Traffickers often take advantage of impoverished communities, luring girls and young women and girls with promises of jobs as maids or nannies in wealthy households in the cities. But, activists say, the reality is very different. (ANI)

U.S. ambassador fights slavery, sex trafficking

chron.com

By Lise Olsen | Saturday, October 27, 2012 | Updated: Saturday, October 27, 2012 10:58pm
Luis CdeBaca was born in New Mexico, where his ancestors settled in the 1500s.
/ courtesy photo
Since 2009, Luis CdeBaca, the U.S. State Department's ambassador-at-large for human trafficking, has been an advocate for trafficking victims worldwide. CdeBaca oversees the State Department's annual reports on all countries' efforts to address modern slavery. He visited Houston this week to speak at Rice University and sat down with the Chronicle for an interview.
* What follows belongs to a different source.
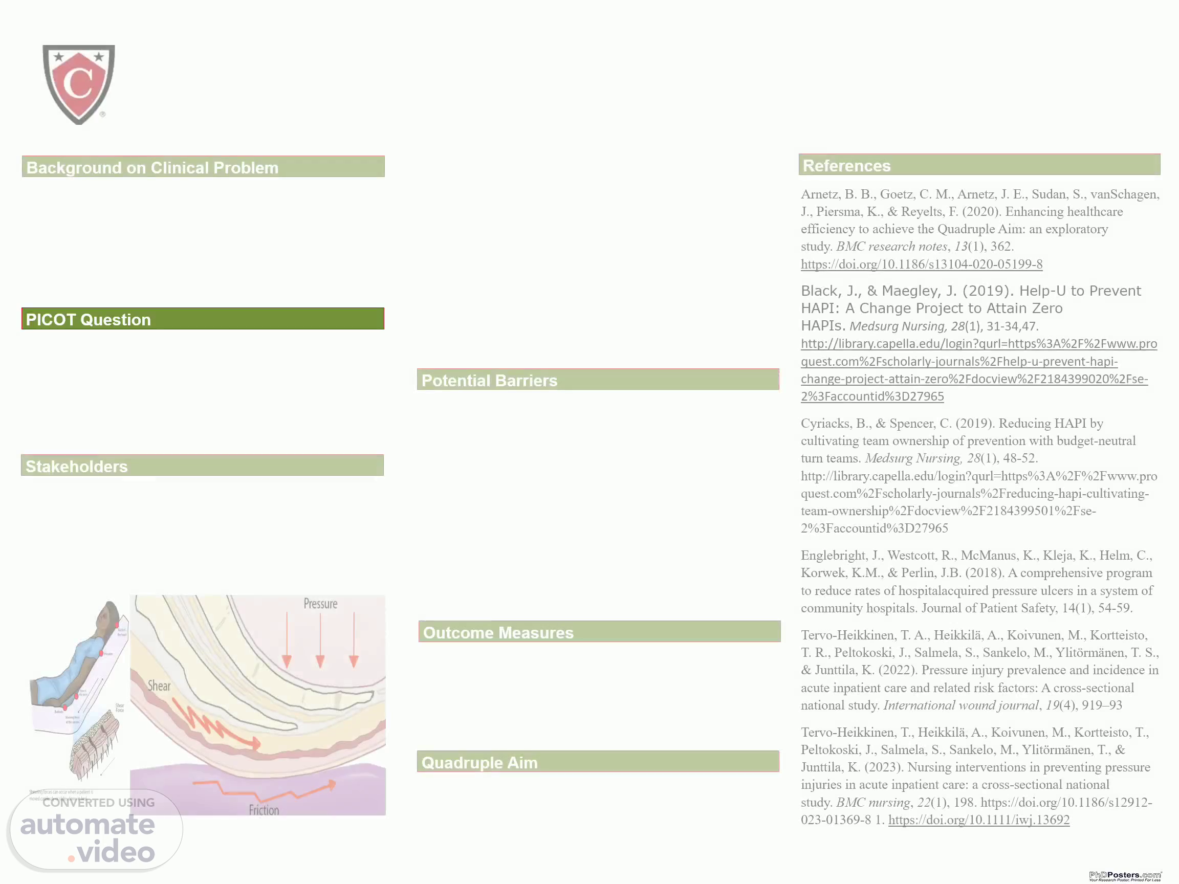 [Audio] Hospital-acquired pressure injuries on two medical-surgical units were identified as financial and patient outcome concerns (Black, 2019). There is currently a process in place for repositioning the patient every two hours, but it is not always performed. PICOT questions are the following; In adult inpatients (P), does the implementation of a comprehensive pressure injury prevention program by nurses (I), compared to standard pressure injury prevention practices (C), result in a reduction in the occurrence of pressure injuries (O) during the hospital stay (T)? Stakeholders include inpatient nurse, patient care tech, physicians, wound care nurse, charge nurse/ floor managers. Action plans would include skin inspection within 8 hours upon admission, every time there is a change in condition, and prior to discharge from the hospital, the Braden risk scoring tool would be utilized for every shift change, daily auditing documentation of patient repositioning, yearly hospital acquired pressure injury education for nurses and CNAs, assessing malnutrition within a week of admission. The suggested action plans are logical and achievable because they are consistent with recognized best practices for enhancing patient safety, reducing problems, and delivering adequate treatment. They promote early detection, prompt action, education, and preventative measures to enhance patient outcomes and treatment quality. Potential Barriers include resistance to change. To mitigate this, engage stakeholders early in the process and address concerns. The second is a lack of clear expectations. To mitigate this, the administration should set clear goals and objectives. The third is a lack of resources. To mitigate this, assess resources and identify any gaps and limitations. The fourth is a lack of communication. To solve this, provide regular updates. Lastly, is the misunderstanding of the evidence related to pressure injuries. The organization can provide continuing education and training to resolve this. Outcome Measures: Current pressure injury data is 5 hospital acquired pressure injury cases per 1,000 patient days, cases down to three cases in one month, pressure injury cases are down to two in 3 months and hospital acquired pressure injury cases down to 1 case in 6 months. The outcome measurements motivate team members to offer high-quality treatment and a great patient experience. While a productivity emphasis needs outputs and puts pressure on stakeholders to produce results, an efficiency focus deals with modification of processes and necessitates organizational transformation. Thus, ideally, a focus on efficiency should enable staff to accomplish performance metrics while boosting workplace well-being since resources and procedures are more efficient, and team members are working at the top of their abilities. For the Quadruple Aim, patient experience improved, population health improved, healthcare costs were reduced, and health care provider work lives were evaluated and improved. Hospital-acquired pressure injuries affect 1 in 30 patients and cause 60,000 fatalities annually (Englebright et al., 2018). In conclusion, pressure redistribution, team collaboration, and improved education should be routinely used to control hospital acquired pressure injury risk in acute hospitals. Implementing evidence-based practices and involving stakeholders promotes teamwork and communication. One way to avoid Hospital-acquired pressure injuries is to improve movement, nutrition and address conditions that cause immobility and pressure. Collecting data allows for the application of performance metrics, such as incidence rate per 1,000 patient days, to monitor progress and suggest areas for improvement..

Q: Are the cantina-based sex-trafficking rings we've seen in federal cases in Houston unique to this region?
A: These aren't as common elsewhere. Tlaxcala, Mexico- based human slavery rings were historically the suppliers of prostitutes to Mexico City - then they began to export in the last decade. "We saw them here (in Houston cantinas) first and then they popped up in New York as flat-out prostitution."
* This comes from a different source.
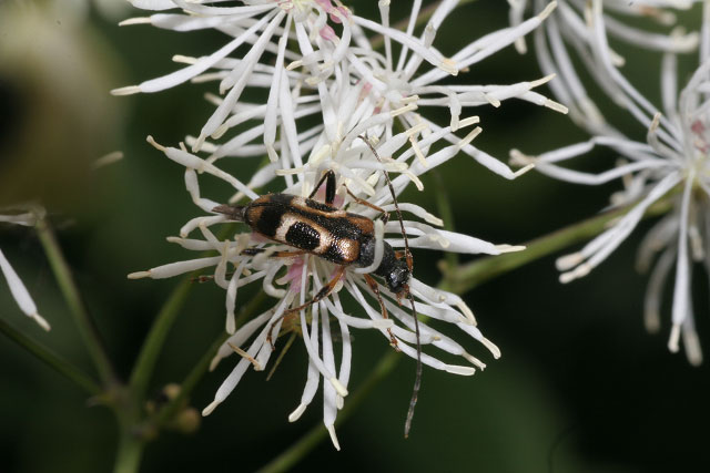 ショウマ類の花で採食するカグヤヒメハナカミキリのメス

In Houston, sex trafficking is often "masked by Central American cantina culture. … Along with the hierarchical organized crime groups, there are individual opportunists."
Q: Is Houston truly a hub for human trafficking?
A: Houston is home to a human-trafficking task force that's considered a model for the rest of the country. "You're finding more cases in Houston because you've got more watchmen on the watchtower …"
"Houston is one of the major cities of the world and (human trafficking arrives here) not because it is a transit point, but because people from all over the world come to work in Houston. … Because Houston is a destination city, it's a place where exploitation happens."
"I don't want cities to get into a back-patting contest: 'We're the worst.' "
Q: Recently, teen trafficking victims in Houston were awarded $600,000 from the sale of bars and properties linked to a trafficking ring. But the judge awarded money only to teenagers and excluded older victims.
A: "It will change the lives of the girls who are able to get some money from the sale of that cantina … but the reality of human trafficking is rarely as cut-and-dried as the judge and all of us would have preferred … Was she the girlfriend to a suspect? Had she done (prostitution) willingly previously?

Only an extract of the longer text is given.